Q1: What do neodymium magnets do to your body?
Under normal handling and use, the magnetic field is not considered harmful to the human body since field strength diminishes quickly with distance. The main documented risks involve accidental ingestion of small magnets and pinching injuries from strong attractive force, rather than general field exposure.
Q2: What is the difference between N35 and N52 magnets?
N52 has a higher maximum energy product than N35, meaning greater magnetic strength for the same size. N35 tends to maintain more stable performance at elevated temperatures unless N52 is specified with an appropriate temperature suffix.
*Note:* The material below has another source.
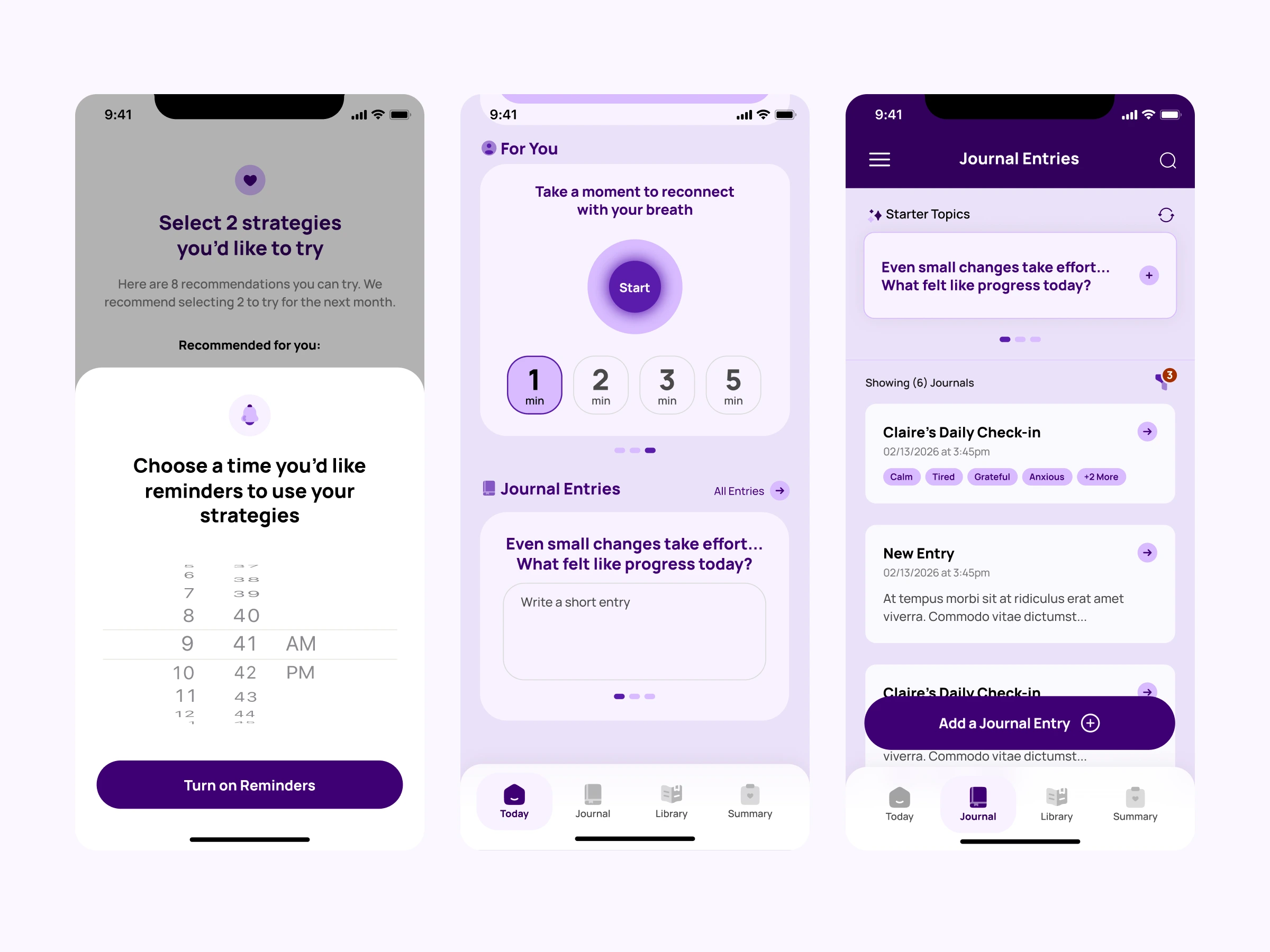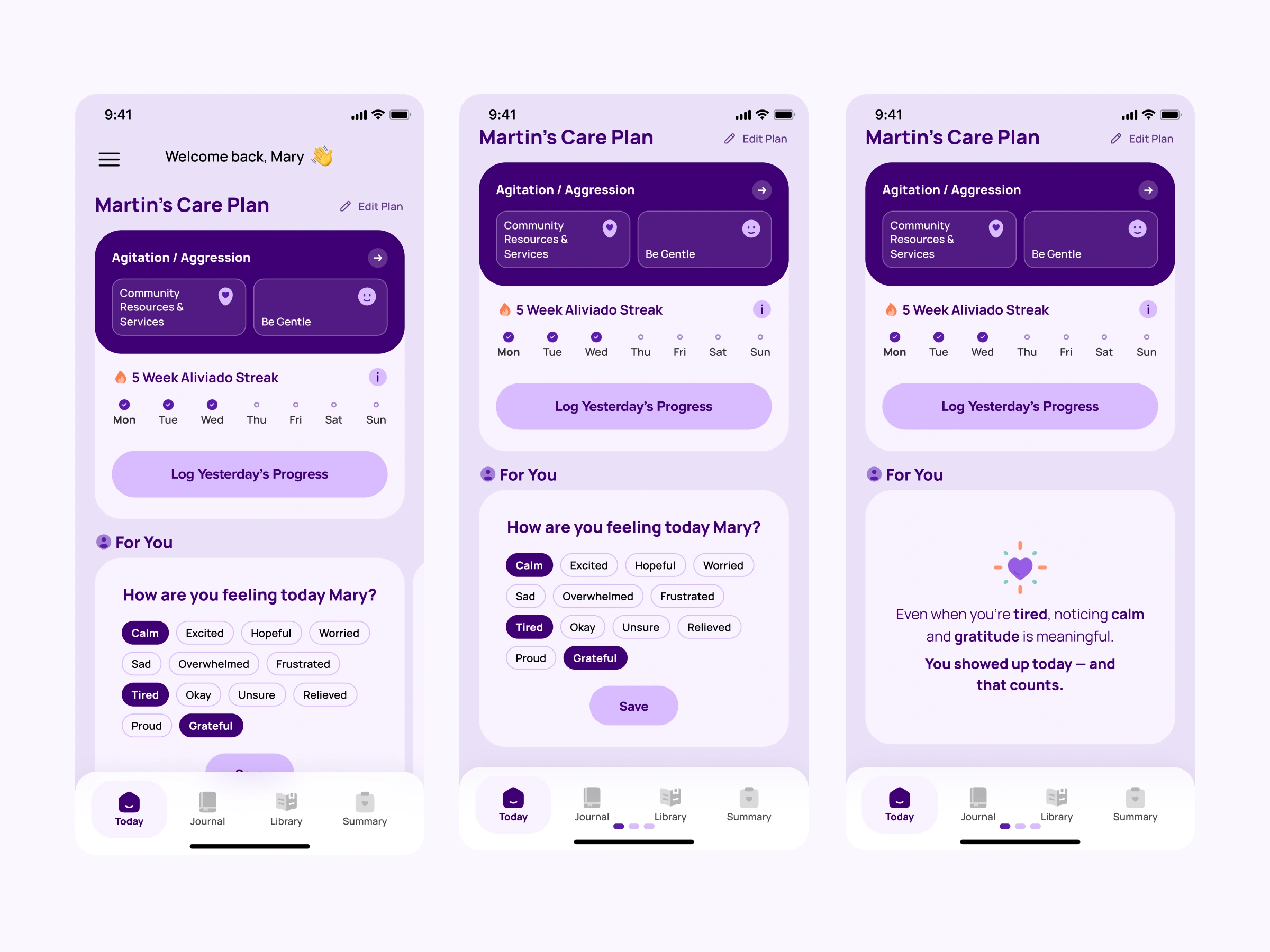 In addition to customizable notification reminders, we adding simple feature to help support the emotional wellbeing of caregivers with breath work exercises and journal prompts to encourage reflections and mindfulness.

Q3: What are neodymium magnets used for?
They are used in motors for new energy vehicles, industrial automation equipment, home appliances, medical devices, and energy systems, as well as in speakers, sensors, and wind power applications.
Q4: What does the letter suffix after a magnet grade mean?
The suffix letter, such as M, H, SH, UH, EH, or AH, indicates the magnet's maximum recommended operating temperature and resistance to demagnetization, separate from the strength indicated by the grade number.
Q5: Can NdFeB magnets be custom shaped for specific motor designs?
Yes, custom shapes such as disc, block, arc, ring, and rod geometries are commonly produced to match specific magnetic circuit and motor design requirements, often with multi-pole magnetization for compact assemblies.